**Work required:**
An exact transcription of the entries is required, with no images included.

Source records
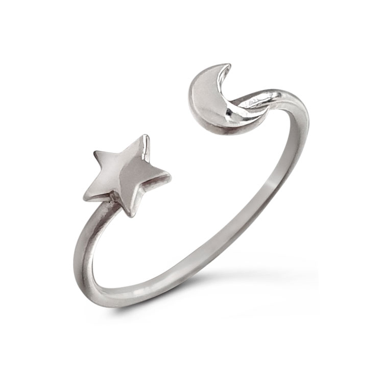 This item is an open ended banded and hence adjustable in size sterling silver ring with a star and moon on the face. This is one of many star, moon or celestially themed items here at Studio Jewellery including other rings, necklaces and stud earrings.
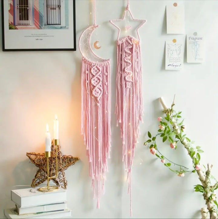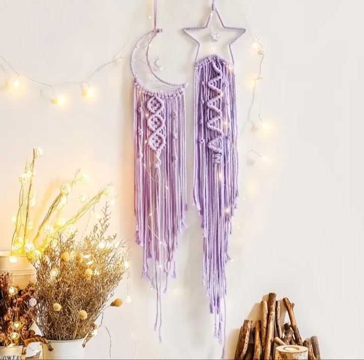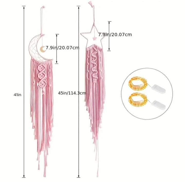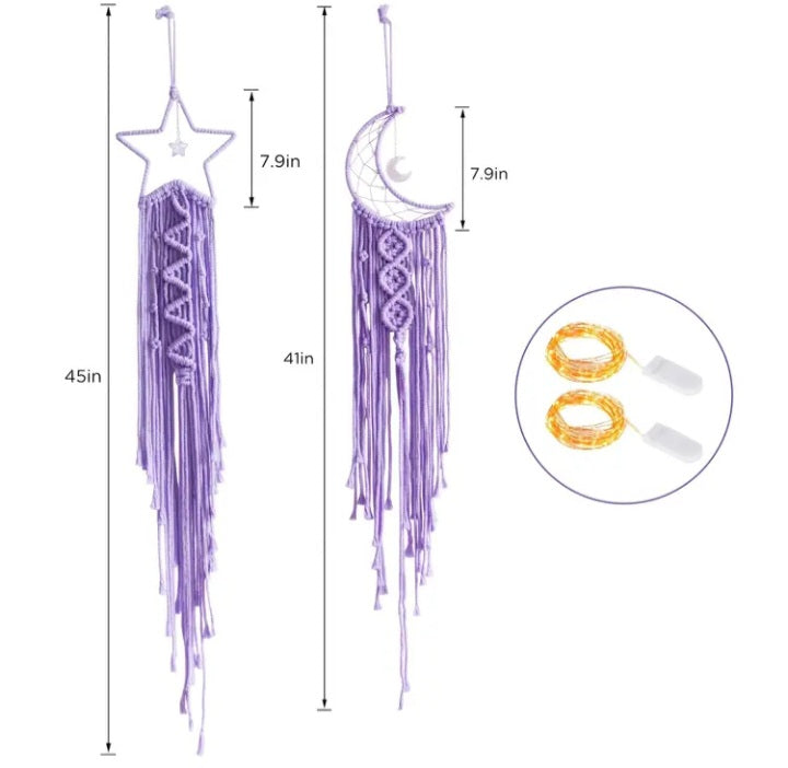 Cet ensemble de capteurs de rêve en tissu comprend une lune et une étoile, ainsi qu'un jeu de lumières à piles pour une ambiance onirique.
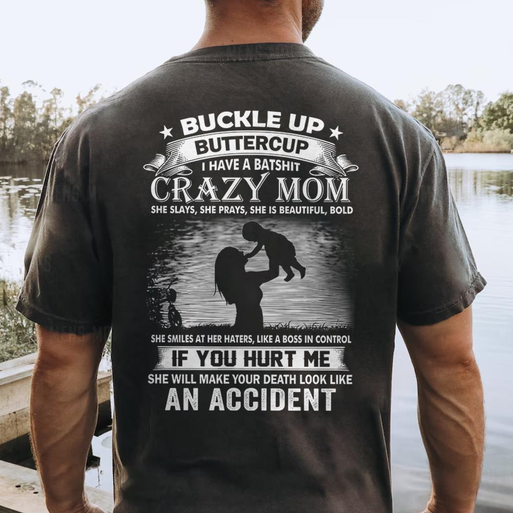 Buckle Up Buttercup I Have A Batshit Crazy Mom Shirt Perfect Gift For Son & Daughter
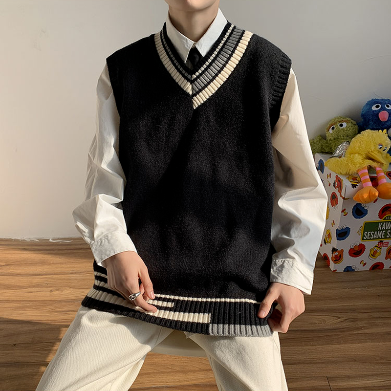 Striped V-neck Sweater Vests Men Loose Sleeveless Knitwear Male Preppy Style Autumn Warm Thermal Jumpers College Simple Baggy
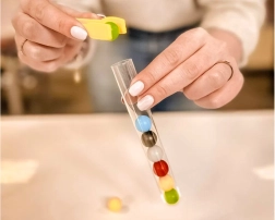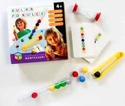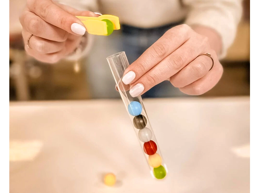 Tato originální vzdělávací hra inspirovaná metodou MONTESSORI podporuje učení skrze činnost. Děti uchopují barevné kuličky pinzetou a vkládají je do zkumavky, a to buď libovolně, nebo podle karet se vzory. Cvičí tak přesnost pohybů, trpělivost a zrakově‑pohybovou koordinaci.
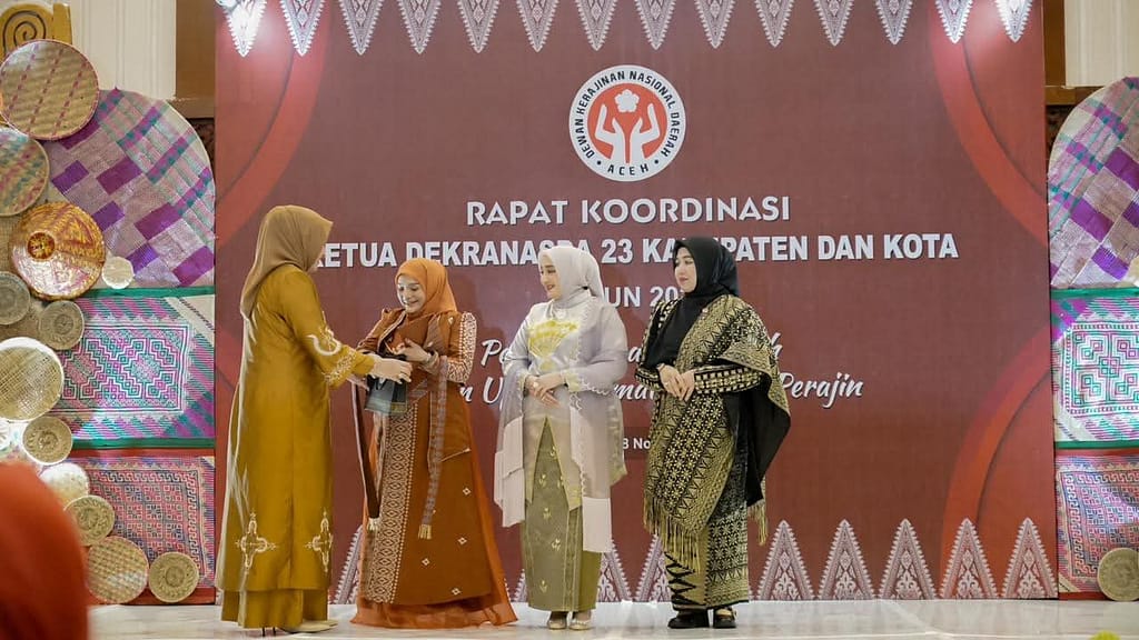 Penghargaan tersebut diserahkan langsung oleh Ketua Dekranasda Aceh, Ny. Marlina Muzakir, pada kegiatan Rapat Koordinasi Ketua Dekranasda 23 Kabupaten dan Kota se-Aceh yang berlangsung di Hermes Hotel Banda Aceh, Sabtu (8/11/2025).

**Problem solution:**
 This item is an open ended banded and hence adjustable in size sterling silver ring with a star and moon on the face. This is one of many star, moon or celestially themed items here at Studio Jewellery including other rings, necklaces and stud earrings.
 Cet ensemble de capteurs de rêve en tissu comprend une lune et une étoile, ainsi qu'un jeu de lumières à piles pour une ambiance onirique.
 Buckle Up Buttercup I Have A Batshit Crazy Mom Shirt Perfect Gift For Son & Daughter
 Striped V-neck Sweater Vests Men Loose Sleeveless Knitwear Male Preppy Style Autumn Warm Thermal Jumpers College Simple Baggy
 Tato originální vzdělávací hra inspirovaná metodou MONTESSORI podporuje učení skrze činnost. Děti uchopují barevné kuličky pinzetou a vkládají je do zkumavky, a to buď libovolně, nebo podle karet se vzory. Cvičí tak přesnost pohybů, trpělivost a zrakově‑pohybovou koordinaci.
 Penghargaan tersebut diserahkan langsung oleh Ketua Dekranasda Aceh, Ny. Marlina Muzakir, pada kegiatan Rapat Koordinasi Ketua Dekranasda 23 Kabupaten dan Kota se-Aceh yang berlangsung di Hermes Hotel Banda Aceh, Sabtu (8/11/2025).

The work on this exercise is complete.